Physics-informed learning of governing equations from scarce data

Harnessing data to discover the underlying governing laws or equations that describe the behavior of complex physical systems can significantly advance our modeling, simulation and understanding of such systems in various science and engineering disciplines. This work introduces a novel approach called physics-informed neural network with sparse regression to discover governing partial differential equations from scarce and noisy data for nonlinear spatiotemporal systems. In particular, this discovery approach seamlessly integrates the strengths of deep neural networks for rich representation learning, physics embedding, automatic differentiation and sparse regression to approximate the solution of system variables, compute essential derivatives, as well as identify the key derivative terms and parameters that form the structure and explicit expression of the equations.

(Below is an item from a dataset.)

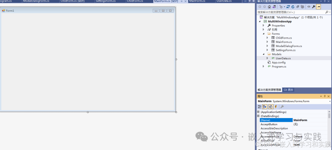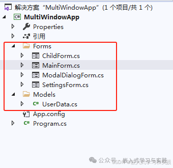 using System;using System.Collections.Generic;using System.ComponentModel;using System.Data;using System.Drawing;using System.Linq;using System.Text;using System.Threading.Tasks;using System.Windows.Forms;using MultiWindowApp.Forms;using MultiWindowApp.Models;namespace MultiWindowApp{    public partial class MainForm : Form    {        private List<Form> openChildForms = new List<Form>();        private List<UserData> userList = new List<UserData>();        private AppSettings settings = new AppSettings();        // UI 控件        private MenuStrip mainMenu;        private ToolStrip toolStrip;        private StatusStrip statusStrip;        private Panel contentPanel;        private ListBox listBoxUsers;        public MainForm()        {            InitializeComponent();            InitMainForm();            UpdateStatus("应用程序已启动");        }        private void InitMainForm()        {            // 主窗体设置            this.Text = "多窗口应用示例 - 主窗口";            this.Size = new Size(800600);            this.StartPosition = FormStartPosition.CenterScreen;            this.WindowState = FormWindowState.Maximized;            //// 创建菜单            //CreateMainMenu();            // 创建工具栏            CreateToolStrip();            // 创建状态栏            CreateStatusStrip();            // 创建内容区域            CreateContentArea();        }        private void CreateMainMenu()        {            mainMenu = new MenuStrip();            // 文件菜单            ToolStripMenuItem fileMenu = new ToolStripMenuItem("文件(&F)");            fileMenu.DropDownItems.Add("新建(&N)"null, (s, e) => CreateNewUser());            fileMenu.DropDownItems.Add("打开(&O)"null, (s, e) => OpenUserData());            fileMenu.DropDownItems.Add("-"); // 分隔符            fileMenu.DropDownItems.Add("退出(&X)"null, (s, e) => Application.Exit());            // 窗口菜单            ToolStripMenuItem windowMenu = new ToolStripMenuItem("窗口(&W)");            windowMenu.DropDownItems.Add("新建子窗口(&N)"null, (s, e) => OpenChildForm());            windowMenu.DropDownItems.Add("模态对话框(&M)"null, (s, e) => OpenModalDialog());            windowMenu.DropDownItems.Add("-");            windowMenu.DropDownItems.Add("层叠(&C)"null, (s, e) => LayoutMdi(MdiLayout.Cascade));            windowMenu.DropDownItems.Add("水平平铺(&H)"null, (s, e) => LayoutMdi(MdiLayout.TileHorizontal));            windowMenu.DropDownItems.Add("垂直平铺(&V)"null, (s, e) => LayoutMdi(MdiLayout.TileVertical));            windowMenu.DropDownItems.Add("排列图标(&A)"null, (s, e) => LayoutMdi(MdiLayout.ArrangeIcons));            // 设置菜单            ToolStripMenuItem settingsMenu = new ToolStripMenuItem("设置(&S)");            settingsMenu.DropDownItems.Add("应用设置(&A)"null, (s, e) => OpenSettingsForm());            mainMenu.Items.AddRange(new ToolStripMenuItem[] { fileMenu, windowMenu, settingsMenu });            this.MainMenuStrip = mainMenu;            this.Controls.Add(mainMenu);        }        private void CreateToolStrip()        {            toolStrip = new ToolStrip();            // 添加工具按钮            ToolStripButton newUserBtn = new ToolStripButton("新建用户"null, (s, e) => CreateNewUser());            ToolStripButton childFormBtn = new ToolStripButton("子窗口"null, (s, e) => OpenChildForm());            ToolStripButton modalBtn = new ToolStripButton("模态对话框"null, (s, e) => OpenModalDialog());            ToolStripButton settingsBtn = new ToolStripButton("设置"null, (s, e) => OpenSettingsForm());            toolStrip.Items.AddRange(new ToolStripItem[] {                newUserBtn, childFormBtn, modalBtn,                new ToolStripSeparator(), settingsBtn            });            this.Controls.Add(toolStrip);        }        private void CreateStatusStrip()        {            statusStrip = new StatusStrip();            ToolStripStatusLabel statusLabel = new ToolStripStatusLabel("就绪");            statusLabel.Spring = true;            statusLabel.TextAlign = ContentAlignment.MiddleLeft;            ToolStripStatusLabel timeLabel = new ToolStripStatusLabel();            timeLabel.Text = DateTime.Now.ToString("yyyy-MM-dd HH:mm:ss");            // 更新时间            Timer timer = new Timer();            timer.Interval = 1000;            timer.Tick += (s, e) => timeLabel.Text = DateTime.Now.ToString("yyyy-MM-dd HH:mm:ss");            timer.Start();            statusStrip.Items.AddRange(new ToolStripItem[] { statusLabel, timeLabel });            this.Controls.Add(statusStrip);        }        private void CreateContentArea()        {            contentPanel = new Panel();            contentPanel.Dock = DockStyle.Fill;            contentPanel.BackColor = SystemColors.Window;            // 创建用户列表            listBoxUsers = new ListBox();            listBoxUsers.Dock = DockStyle.Left;            listBoxUsers.Width = 250;            listBoxUsers.SelectedIndexChanged += ListBoxUsers_SelectedIndexChanged;            // 添加一些示例数据            userList.Add(new UserData { Name = "张三", Age = 25, Email = "zhangsan@example.com" });            userList.Add(new UserData { Name = "李四", Age = 30, Email

The efficacy and robustness of this method are demonstrated, both numerically and experimentally, on discovering a variety of partial differential equation systems with different levels of data scarcity and noise accounting for different initial/boundary conditions. The resulting computational framework shows the potential for closed-form model discovery in practical applications where large and accurate datasets are intractable to capture.

Recovery of underlying governing laws or equations describing the evolution of complex systems from data can be challenging if dataset is damaged or incomplete. The authors propose a learning approach which allows to discover governing partial differential equations from scarce and noisy data.